» **WORK TO BE COMPLETED**
Only an exact copy of the lines from the one containing "পটুয়াখালীর গলাচিপা থেকে" through the last line of the material below belongs in the answer, with no pictures.

» **GIVEN MATERIAL**
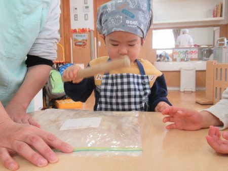 味付けの時はお部屋中いい香り!「いいにおいだねえ!」と幸せそうな子どもたちでした。
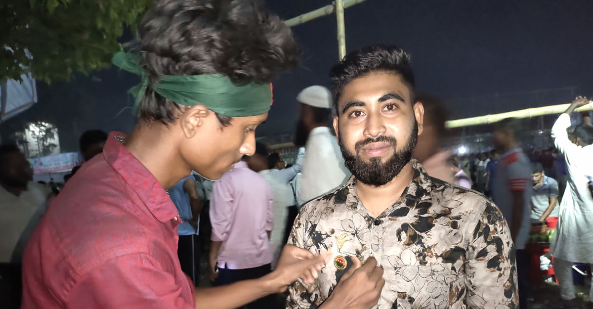 পটুয়াখালীর গলাচিপা থেকে আসা হান্নান বলেন, এই ব্যাজ আমাদের আবেগ ও ভালোবাসা। এই ব্যাজ পরিধান করলে আমাদের ভালো লাগে। আমি ২০ টাকা দিয়ে ৩টা কিনেছি, ব্যাজ পরার ছবি আবার ফেসবুকে দিয়েছি। এই ব্যাজ পরলে সুন্দর দেখায়।
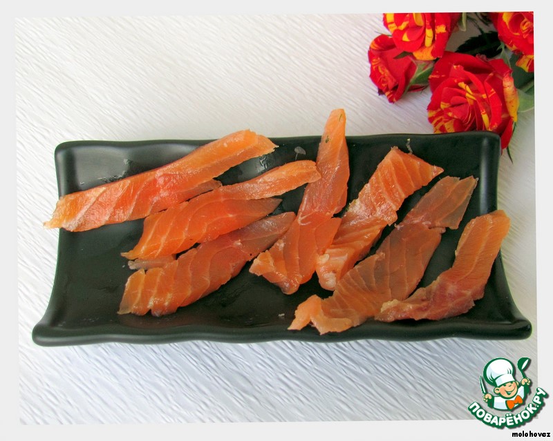 Полоски лосося разрезали пополам, но не до конца, и оформили в виде сердечек вокруг сырного крема.
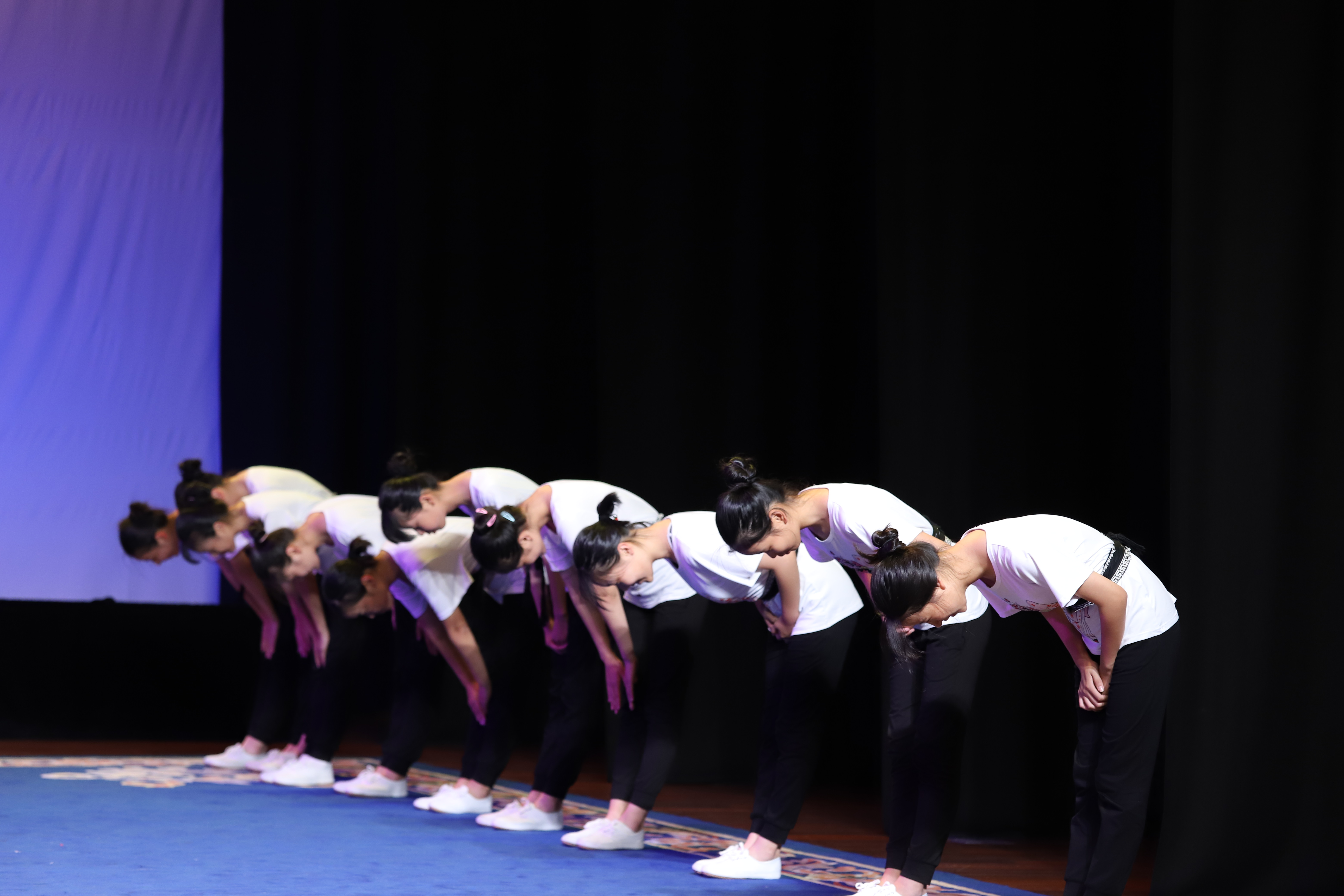 在古代,“入学礼”被视为人生四大礼之一。正衣冠、行拜师礼、净手净心,开启求学之旅。9月17日,浙艺戏剧系小剧场也举行了一场隆重的“入学礼”,2018级越剧中本一体化班21位姑娘,身着练功服,端端正正立在舞台两侧,浙江音乐学院、浙江艺术职业学院两校教师,上台为她们一一系上青色练功带,正正衣襟,拍拍肩膀,鼓励她们未来挑起越剧传承的重任。姑娘们向老师深深鞠躬,大声问候“老师好”,这一刻,意味着她们专业道路的开启。未来7年,她们将在浙音、浙艺共同培养下与“越”同行。

» **RESPONSE FOR THIS EXERCISE**
 পটুয়াখালীর গলাচিপা থেকে আসা হান্নান বলেন, এই ব্যাজ আমাদের আবেগ ও ভালোবাসা। এই ব্যাজ পরিধান করলে আমাদের ভালো লাগে। আমি ২০ টাকা দিয়ে ৩টা কিনেছি, ব্যাজ পরার ছবি আবার ফেসবুকে দিয়েছি। এই ব্যাজ পরলে সুন্দর দেখায়।
 Полоски лосося разрезали пополам, но не до конца, и оформили в виде сердечек вокруг сырного крема.
 在古代,“入学礼”被视为人生四大礼之一。正衣冠、行拜师礼、净手净心,开启求学之旅。9月17日,浙艺戏剧系小剧场也举行了一场隆重的“入学礼”,2018级越剧中本一体化班21位姑娘,身着练功服,端端正正立在舞台两侧,浙江音乐学院、浙江艺术职业学院两校教师,上台为她们一一系上青色练功带,正正衣襟,拍拍肩膀,鼓励她们未来挑起越剧传承的重任。姑娘们向老师深深鞠躬,大声问候“老师好”,这一刻,意味着她们专业道路的开启。未来7年,她们将在浙音、浙艺共同培养下与“越”同行。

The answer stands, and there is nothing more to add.